Which data should I publish
Which data should I publish?
While there's not a ready-made answer to this there are guidelines and principles to help you formulate your own answer. A few are listed here.
- Sharing and publishing some data is better than none, so start from what's easier, look at what are the practices and which services are on offer at your institution to find examples and guidelines.
- Provide the information needed to interpret, reuse and reproduce your results. This is what journal publishers usually require, most of them provides guidelines and examples of which data you should share (see below for some links).
- If the output is big publish only a subset. If your methods are well described, the codes you used are easily available, than in most cases you can publish only the subset of data that underlines your publication. So, for example if you run a model but then used only some of the variables in the output, publishing only the post-processed output of the model is generally sufficient from a journal point of view. You still need though to document clearly which model version and configuration you used, which input data and wherever possible point to an online source for them. Some thoughts on what kind of data you should be publishing along these lines are shared in the Centre position on data publishing .

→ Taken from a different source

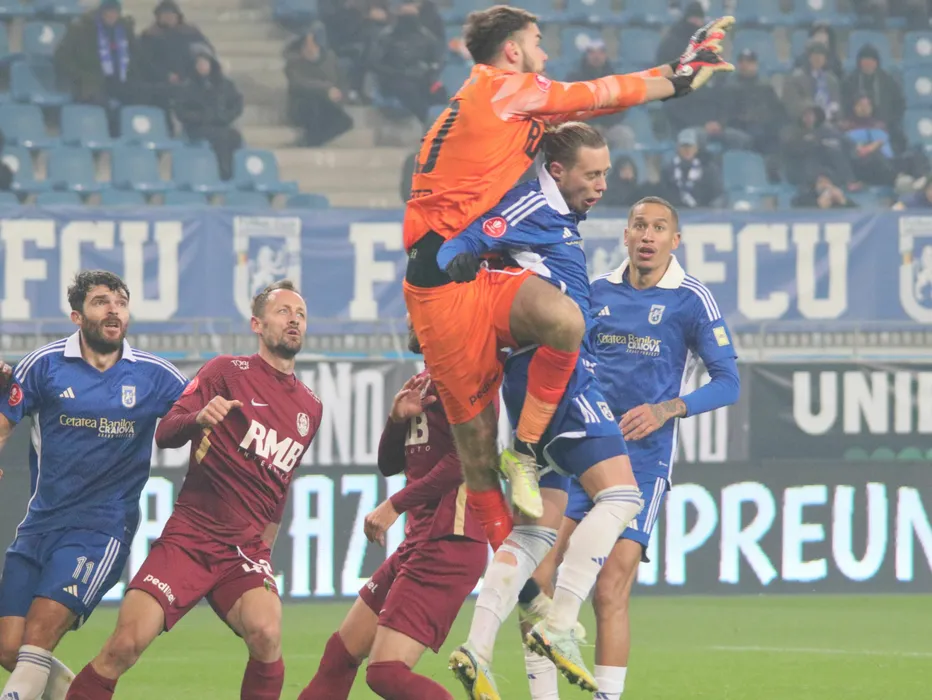 Răzvan Sergiu Sava și William Guido R Baeten, Aurelian Ionuț Chițu în meciul de fotbal dintre FCU 1948 Craiova și FC CFR 1907 Cluj, contând pentru Superliga Superbet, desfășurat pe Stadionul Ion Oblemenco din Craiova, sâmbătă 17 februarie 2024. © FOTO: Cătălin CIUPUREANU/SPORT PICTURES

- Conversely dumping the data somewhere and not providing any information on the process makes the data available but completely useless. Try to think of what you look for then you are considering using a dataset for your own research. What kind of information do you consider essential for the data to be usable and which additional information would make its use easier?
- While you might be required to share just part of your data output, there is often lots of data (especially if you run a model simulation) which you will end up not using but that might be useful to someone else. So even if you have not time or resources to publish all of your data output, providing information on its existence and on how to request access to it, it is often enough. This should include details on license, possible use restrictions and details on how to create accounts with other institutions if necessary.
- Any data you share is an asset for your institution. Remember we have a data expert in the ARCCSS and there will be others in your institution, do not hesitate to ask for advice and practical help. If you share data both internally or externally you are creating a new asset for other researchers and it is in our interest to help you.